Required work:
In the listing below, locate the line with "Embárcate en una" and the line with "Oversized watercolored daisies", then output both and everything between them exactly, minus any pictures.

Listed entries:
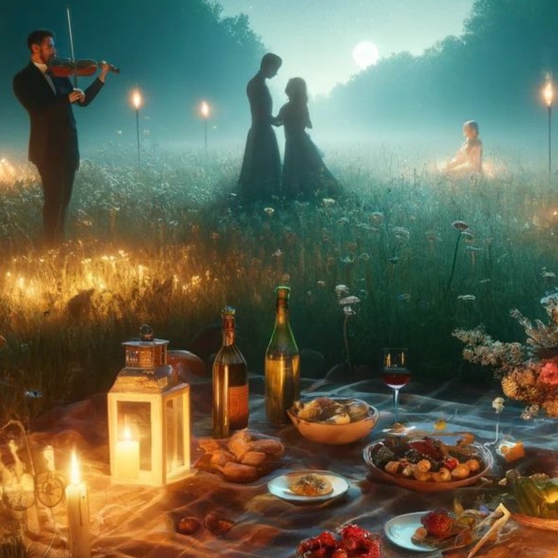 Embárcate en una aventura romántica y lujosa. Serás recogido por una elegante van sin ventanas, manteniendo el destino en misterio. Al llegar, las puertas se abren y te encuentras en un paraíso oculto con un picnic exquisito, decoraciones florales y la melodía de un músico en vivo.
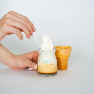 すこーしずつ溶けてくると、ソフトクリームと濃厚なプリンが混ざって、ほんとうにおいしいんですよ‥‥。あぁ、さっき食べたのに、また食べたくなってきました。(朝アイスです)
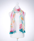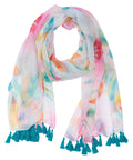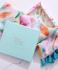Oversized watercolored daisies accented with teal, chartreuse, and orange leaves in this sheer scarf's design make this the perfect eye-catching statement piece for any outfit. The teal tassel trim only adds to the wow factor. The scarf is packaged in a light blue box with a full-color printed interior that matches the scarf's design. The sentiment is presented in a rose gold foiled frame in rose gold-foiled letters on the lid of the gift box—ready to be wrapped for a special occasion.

--

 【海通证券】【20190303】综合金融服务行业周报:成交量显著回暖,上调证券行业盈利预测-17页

Response:
 Embárcate en una aventura romántica y lujosa. Serás recogido por una elegante van sin ventanas, manteniendo el destino en misterio. Al llegar, las puertas se abren y te encuentras en un paraíso oculto con un picnic exquisito, decoraciones florales y la melodía de un músico en vivo.
 すこーしずつ溶けてくると、ソフトクリームと濃厚なプリンが混ざって、ほんとうにおいしいんですよ‥‥。あぁ、さっき食べたのに、また食べたくなってきました。(朝アイスです)
Oversized watercolored daisies accented with teal, chartreuse, and orange leaves in this sheer scarf's design make this the perfect eye-catching statement piece for any outfit. The teal tassel trim only adds to the wow factor. The scarf is packaged in a light blue box with a full-color printed interior that matches the scarf's design. The sentiment is presented in a rose gold foiled frame in rose gold-foiled letters on the lid of the gift box—ready to be wrapped for a special occasion.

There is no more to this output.